Reconhecer é amor verdadeiro

Reconhecer é amor verdadeiro

A fidelidade e o resgate / 14 – A Bíblia, por vezes, dá a palavra a Rute e às suas irmãs. Escutemo-las. 

Luigino Bruni

Original italiano publicado em Avvenire em 04/07/2021

“À minha morte, deixar-te-ei os meus
haveres: nada mais do que um nome,
fechado num livro… Coloca-o
na cabeceira da cama, com devota piedade: é
a carta mais antiga da
libertação”.

Tudor Arghezi, Testamento

A sandália no contrato de resgate de Booz sugere-nos algo de importante sobre o nascimento da era dos direitos das mulheres e sobre o peso das suas palavras.

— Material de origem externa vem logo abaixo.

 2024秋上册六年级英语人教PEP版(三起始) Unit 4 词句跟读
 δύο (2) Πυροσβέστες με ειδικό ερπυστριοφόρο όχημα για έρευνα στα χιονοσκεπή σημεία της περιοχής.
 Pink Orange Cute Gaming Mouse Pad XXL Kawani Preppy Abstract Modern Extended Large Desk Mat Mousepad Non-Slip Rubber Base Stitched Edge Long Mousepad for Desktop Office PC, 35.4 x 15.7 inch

A Bíblia é um longo, constante e crescente hino à palavra. Ao valor infinito da palavra de Deus e também das palavras humanas. No entanto, ao mesmo tempo que nos revela o valor imenso da palavra, mostra-nos também a sua insuficiência. Dizem-no os profetas que, quando pronunciaram as suas palavras mais elevadas, tiveram de usar um jugo, uma bilha, uma criança com um nome lindíssimo: Emanuel. Quanto mais as palavras se tornam importantes e necessárias, mais insuficientes são para dizer as palavras essenciais. O seu peso cresce juntamente com a sua insuficiência. Como quando a palavra-logos, tornada pesadíssima porque completa, se fez criança para dizer algo que não conseguia dizer. Algo de semelhante acontece também connosco. Quando, depois de muita dor nos dizemos, finalmente, “sim”, e aquele sim tão denso não bastaria se não fosse acompanhado por um abraço e muitas lágrimas. Ou quando, ao dizer o último obrigado, quereríamos, pelo menos, apertar uma mão enquanto o pronunciamos, para pedir àquele encontro de mãos que diga o impossível.

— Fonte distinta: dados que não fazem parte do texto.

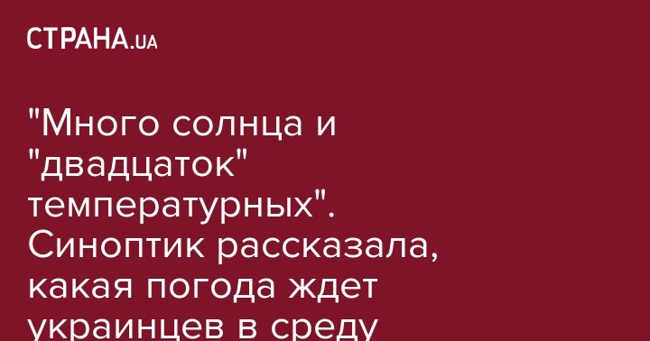 "Много солнца и "двадцаток" температурных". Синоптик рассказала, какая погода ждет украинцев в среду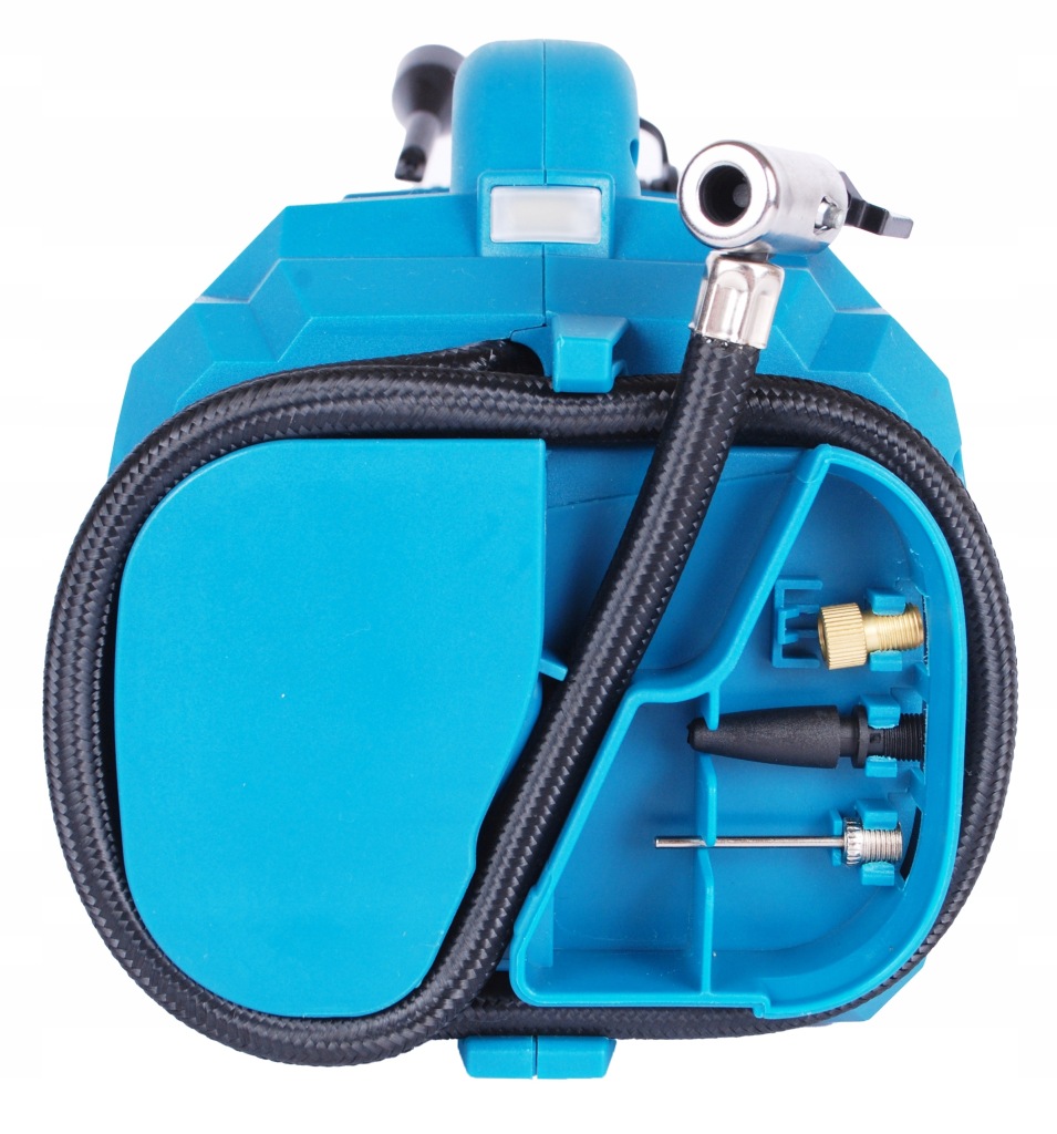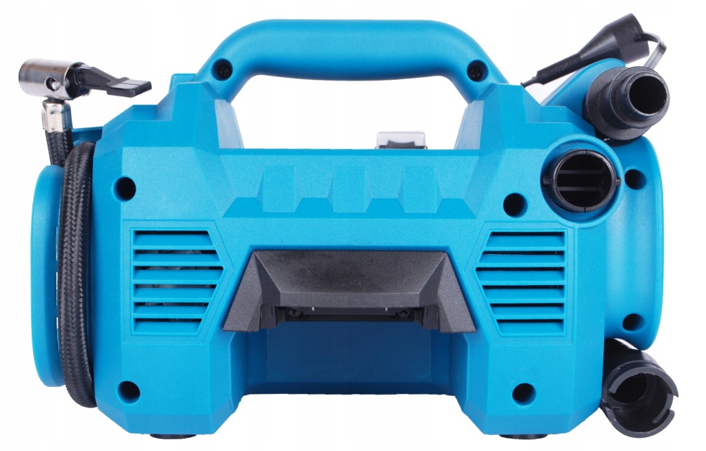 - це пристрій, призначений для накачування коліс, мʼячів, матраців. Робочий тиск 10 бар і витрата повітря 235 л / хв роблять компресор дуже ефективним. Вбудований манометр дозволить контролювати робочий тиск пристрою. До складу компресора входить набір з чотирьох насосних наконечників і додатковий шнур, за допомогою якого ми легко не тільки надуваємо, але і відкачуємо повітря, наприклад, з матраців або басейнів.

É também este o sentido dos símbolos, dos gestos, dos atos, das linguagens do corpo e das coisas que entram nos momentos decisivos da vida e se tornam seus protagonistas. Damos a palavra às coisas e elas entram no nosso diálogo, como habitantes não-humanos e vivos. Dois anéis, a água, o pão, o vinho, o azeite. Uma sandália: «Era costume antigo em Israel, nos casos de resgate ou transmissão de propriedade, que um homem tirasse a sandália e a desse ao outro, para validar a transação; isto servia de autenticação para os israelitas. O parente de resgate disse, pois, a Booz: “Compra a parte do campo para ti”. E tirou a sandália» (Rute 4, 7-8). O outro parente mais próximo, o resgatador anonimo que tinha o direito de preferência, renunciou ao resgate do terreno para não ter de ficar com Rute. Agora, Booz torna-se o único Goel efetivo e eficaz. Um contrato demasiado denso de relações, de passado e de futuro, de vida e de morte para o deixar apenas à troca de palavras. Era necessária uma humilde, comum e pobre sandália.

Mas, na Bíblia, as sandálias são uma coisa muito séria, são uma das suas palavras falantes. Moisés teve de as tirar, no Horeb, para entrar num diálogo diferente (Ex 3, 5); Isaías recebe a ordem de YHWH para tirar as sandálias e caminhar descalço, para ser um sinal para o povo e a Páscoa celebra-se calçando sandálias (Ex 12, 11). Porque a fé bíblica pratica-se com os pés. O seu Deus revelou-se libertador fazendo caminhar o povo através do mar e, depois, no deserto. Um povo que nunca perdeu a saudade do arameu errante e da tenda móvel e nómada. Aquele Deus diferente, que não se vê, que é ouvido apenas pelos profetas, pode conhecer-se caminhando. Poucas coisas como duas sandálias, gastas e poeirentas, são ícone da fé bíblica: «As nossas sandálias estão gastas e velhas, por causa da longa caminhada» (Js 9, 13). Caminhar, mesmo quando já não é claro nem para onde estamos a ir nem quem estamos a seguir. A verdadeira crise da fé e da vida é deixar de caminhar. Todo o livro de Rute é marcado pelo ritmo dos pés. As sandálias e os pés entram em jogo sobretudo nas relações homem-mulher, partilhando também a alegoria sexual (Rute 3, 7). Símbolos e linguagens antigas e comuns. Encontramos a sandália, por exemplo, como protagonista na fábula de Rodópis, a chamada Cinderela egípcia, um conto do século VI a.C., talvez do mesmo período do livro de Rute. Rodópis, uma escrava da cidade de Mênfis, não pôde participar numa festa, na corte do faraó, porque as outras servas a obrigaram a fazer os trabalhos domésticos. Enquanto estava a lavar a roupa no rio e, por isso, tinha tirado as sandálias, uma águia (na realidade, o deus Hórus) rouba-lhe uma sandália e, voando, leva-a e deixa-a cair ao lado do faraó. Este fica comovido com este sinal do céu e lança uma espécie de concurso: desposará a mulher que a calce perfeitamente, uma mulher que, por fim, será a própria Rodópis. Mais uma vez, sandálias, mulheres e um casamento.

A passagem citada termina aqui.